TOG protein Stu2/XMAP215 is regulated by acetylation and sumoylation

Abstract

Microtubules are an essential element of the cytoskeleton responsible for myriad functions which include cell shape, intra-cellular trafficking, cellular motility, and cellular division. The primary architects of these structures are the XMAP215 family of microtubule polymerases, which includes Stu2 in S. cerevisiae. XMAP215 family members are well known to function at four distinct locations on microtubules. During mitosis, XMAP215 members select for correct bi-oriented attachment with sister chromatid bound kinetochores in order to properly divide the genetic information found in chromosomes. XMAP215 is also found at the minus ends of microtubules at Microtubule Organizing Centers where it is believed to function in microtubule nucleation. In addition to these two locations, XMAP215 family members have been observed along the microtubule lattice as well as microtubule plus ends where they polymerize growing microtubules.
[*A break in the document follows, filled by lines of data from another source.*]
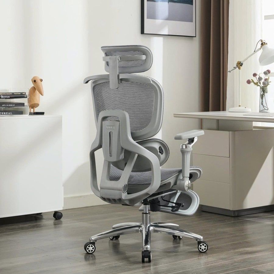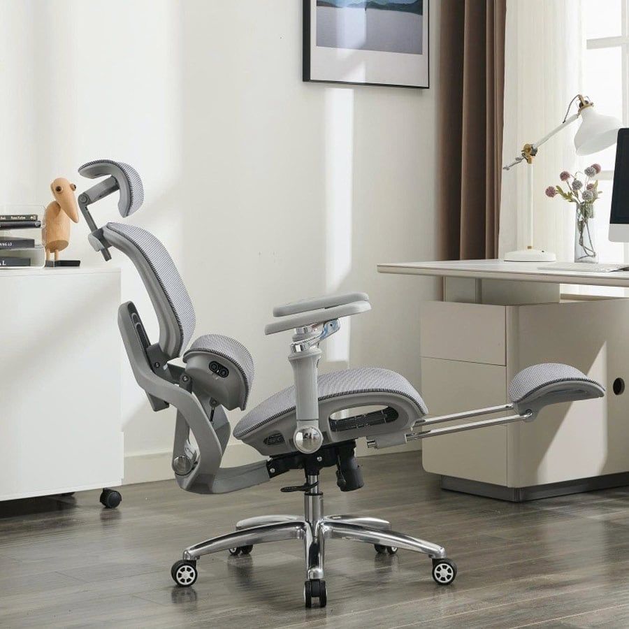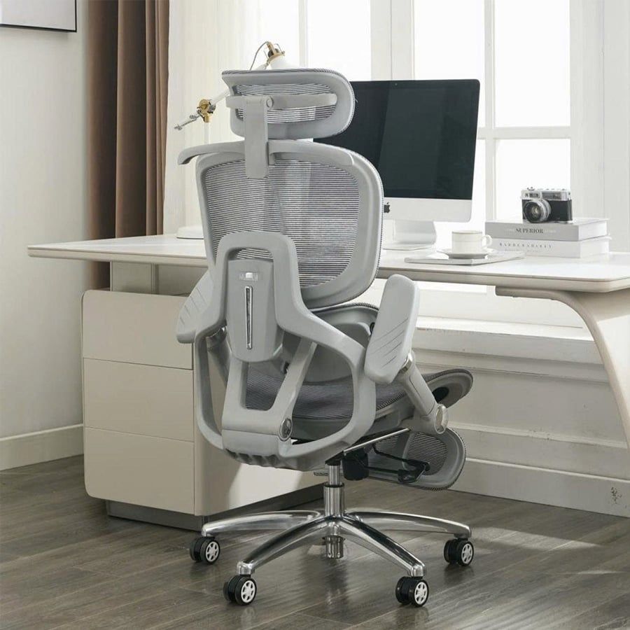 Phần lưng ghế lưới cao cấp ôm sát cơ thể, hỗ trợ hiệu quả vùng cột sống và thắt lưng. Đệm ngồi lưới đàn hồi tốt, thoáng khí, hạn chế bí nóng khi ngồi lâu. Tông màu xám hiện đại, dễ phối hợp với nhiều không gian văn phòng và phòng làm việc tại nhà.
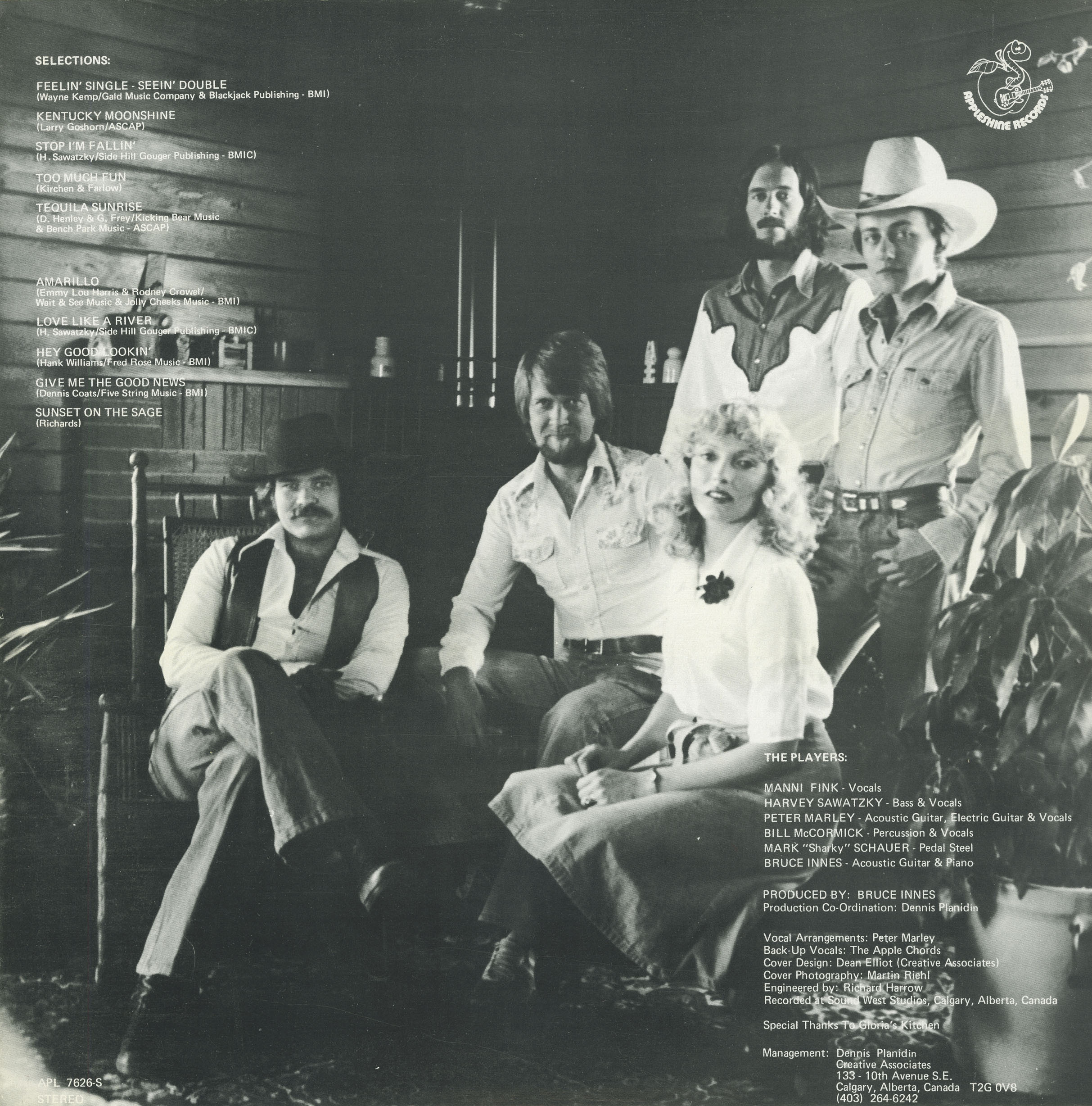 Guitarist and vocalist Peter Marley, a versatile player who later became a respected Calgary music instructor, shaped the group’s arrangement style and played a key role in broadening their sound. The rhythm section gained depth with Bill McCormick on percussion and vocals, while pedal-steel player Mark “Smoky” Schauer added the country edge that became a defining part of Appleshine’s audio identity.
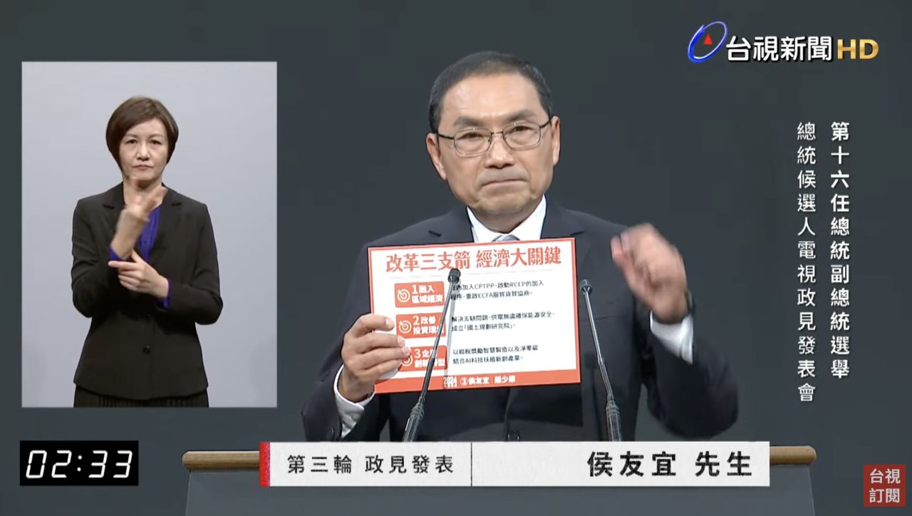最後一場總統候選人電視政見發表會今(28)日晚登場,國民黨總統候選人侯友宜在最後一輪的談話以「經濟」來談。侯友宜先批民進黨經濟創14年新低,並提出「改革三支箭經濟大關鍵」,包括,區域的經濟要趕快融入、改善投資環境、企業要創新轉型。
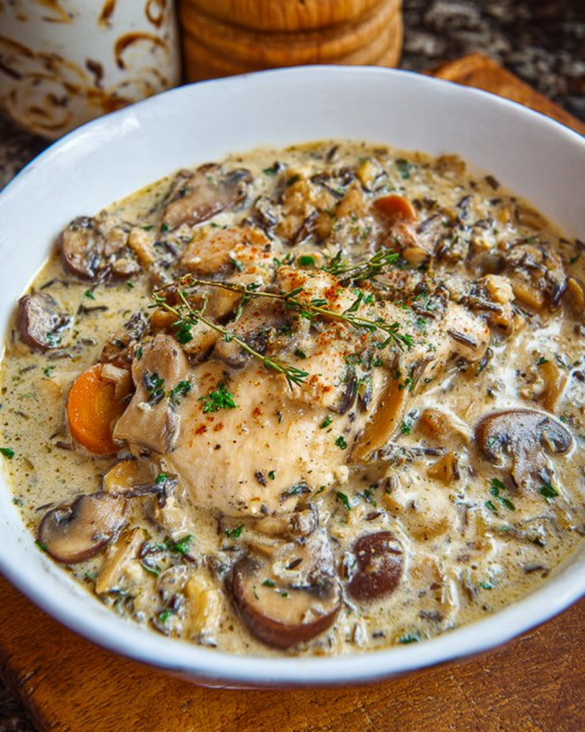 A comforting dish featuring tender chicken in a rich, creamy sauce with earthy mushrooms and nutty wild rice.
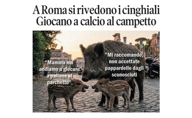 La vignetta di Osho sulla prima pagina de Il Tempo di giovedì 12 febbraio 2026. Èda un po’ che i cinghiali non si facevano rivedere in città. Eppure eccoli, immortalati in un video, "giocare" con una palla in un campetto di calcio di periferia. Gli esemplari che si vedono saltellare tra l’aria di rigore e il centrocampo possono sembrare innocui giocherelloni. Del resto, così come i loro cugini maiali, sono animali dotati di buona intelligenza; ma hanno anche grande forza fisica e sono ottimi ginnasti, capaci di accelerare da 0 a 50 km/h in un istante e compiere balzi verso l’alto, in corsa, fino a due metri. Il consiglio, dunque, se ci si dovesse trovarsi davanti a un campetto di periferia assediato dai cinghiali, è di non "giocacce contro", come si dice a Roma, perché la sconfitta è assicurata e potrebbe essere così cocente da dover ricorrere alle cure ospedaliere.
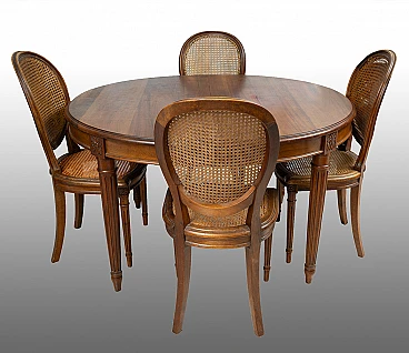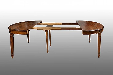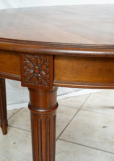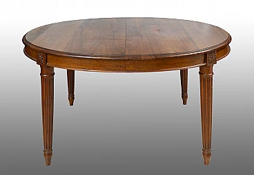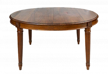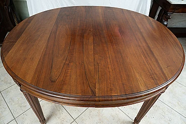 French Napoleon III solid walnut table from the end of the 19th century. The oval-shaped top is supported by four scalloped feet connected to the undercounter band at the carving with flowers. The table can be extended to a length of 250 cm. Possibility of matching six chairs with the table. Provenance: France (1870/90). Measurements: 127x114 cm, H 76 cm. Certificate of Authenticity. We are at your disposal for further clarifications or photographic details. Shipping throughout Italy, Europe and the rest of the world at very low prices with maximum security and traceability. Shipping will be agreed privately.
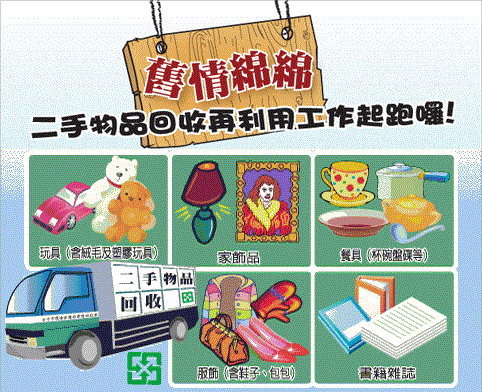 二、回收方式:請分類打物品回收專線,約定回收時間將由二手物品回收專車,車身懸掛「舊情綿綿二手物品回收專車」紅布條前往收取。(請勿將二手物品交給本局資源回收車收取)。
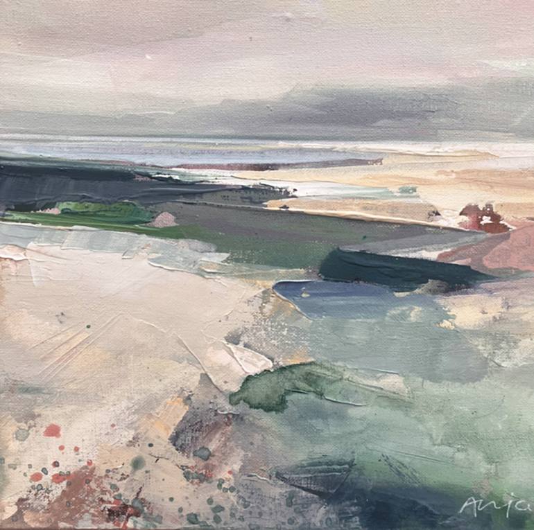 An abstract seascape painted with acrylic on canvas, using a palette knife for texture.
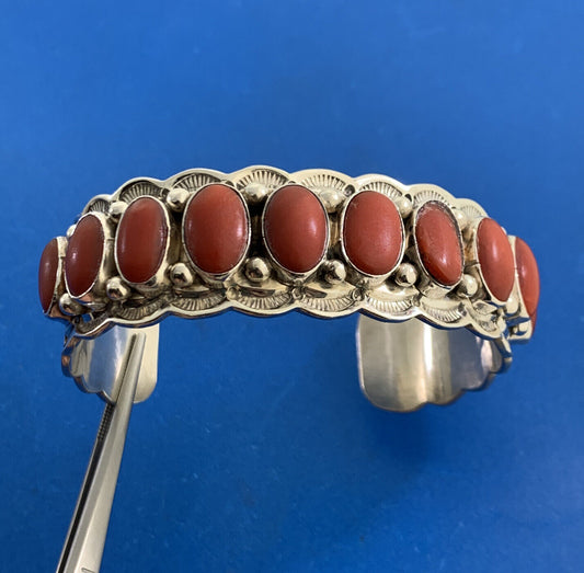 Aaron Toadlena Native American 925 Sterling Silver Coral Statement Cuff Bracelet
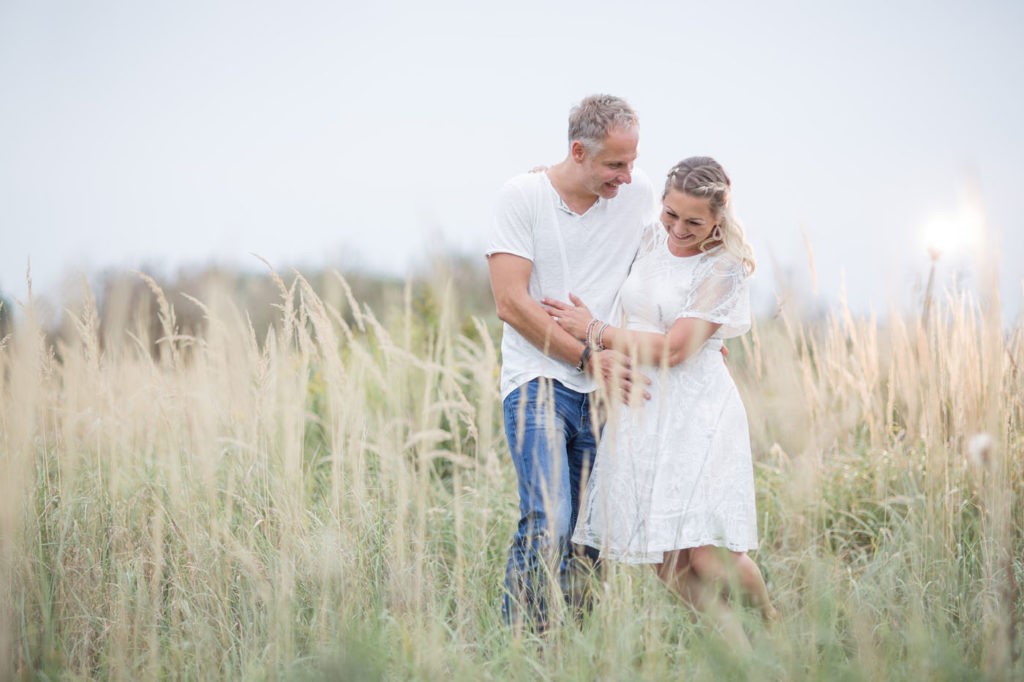 Flexible Setgestaltung – Bei einem Babybauch Shooting im Freien sind der Fantasie für das Setting so gut wie keine Grenzen gesetzt. So können weitere Personen oder Haustiere einfacher eingebunden werden, wenn du dich z.B. für ein Shooting mit dem Partner entscheiden solltest.
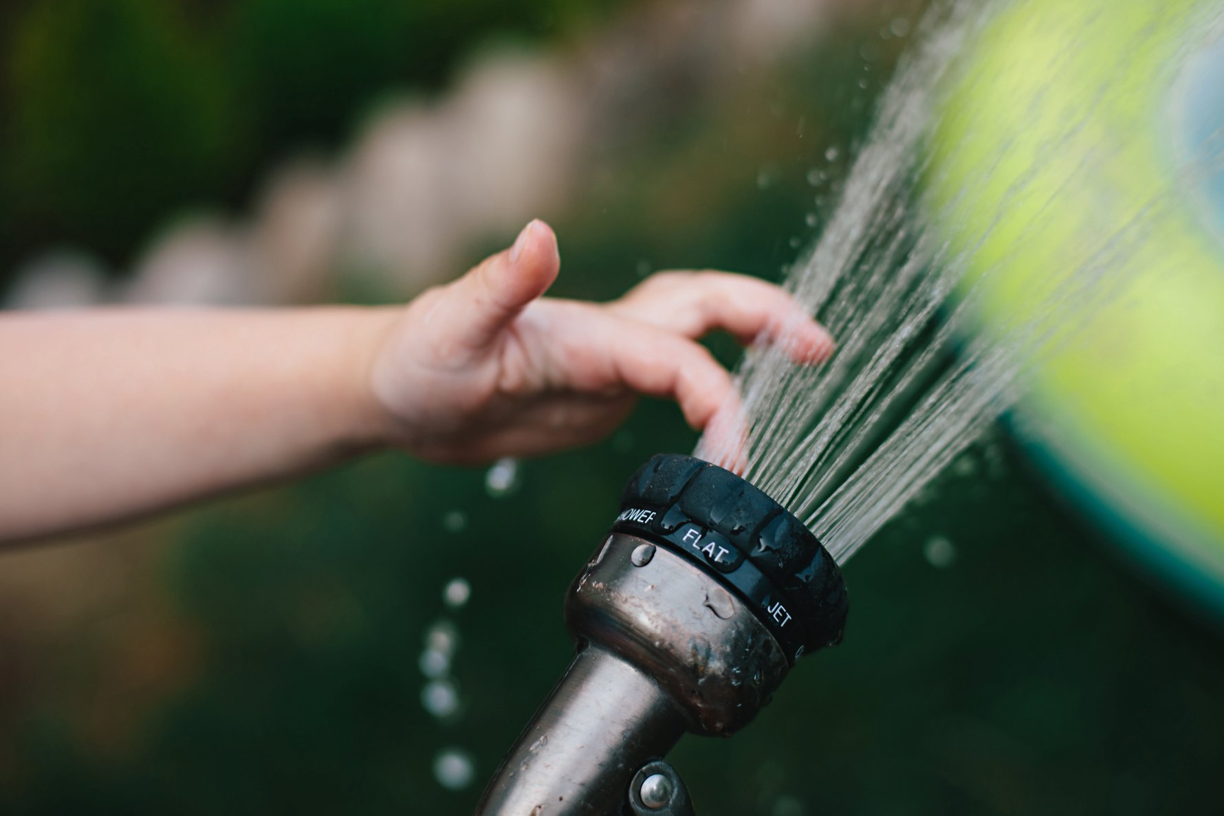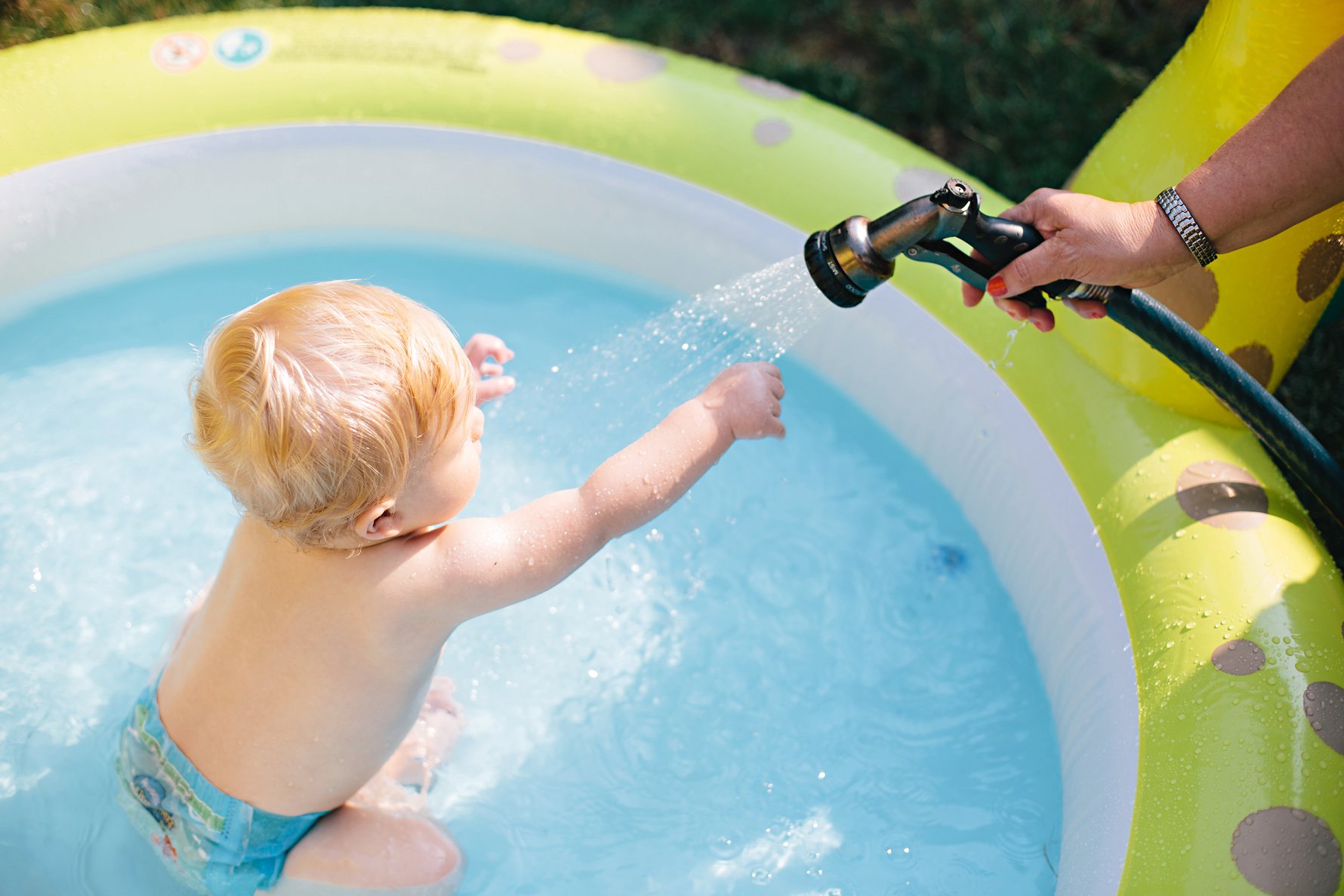 To wrap up pool time, we gave Madelyn the hose. Cole retreated to a safe distance and watched from there. Smart kid!

Here I demonstrate the XMAP215 family of microtubule polymerases are regulated by Small Ubiquitin-Like Modifiers (SUMO) and acetylation. Using two hybrid analysis, we mapped a minimal SUMO interacting region of Stu2 to its domain responsible for dimerization using yeast two-hybrid. With subsequent immunoprecipitation and SUMO affinity enrichment assays, we demonstrated with a high-degree of certainty that Stu2 is both covalently modified by SUMO and interacts with SUMO non-covalently. While searching by mass spectrometry for the lysines within Stu2 that are covalently modified by SUMO, we identified acetylated lysine residues. Immunoprecipitation and western blotting were used as a second method to demonstrate the acetylation of Stu2. Functional assays demonstrated that Stu2 acetylation regulates microtubule polymerization, chromosome segregation, and promoted interactions with y-tubulin.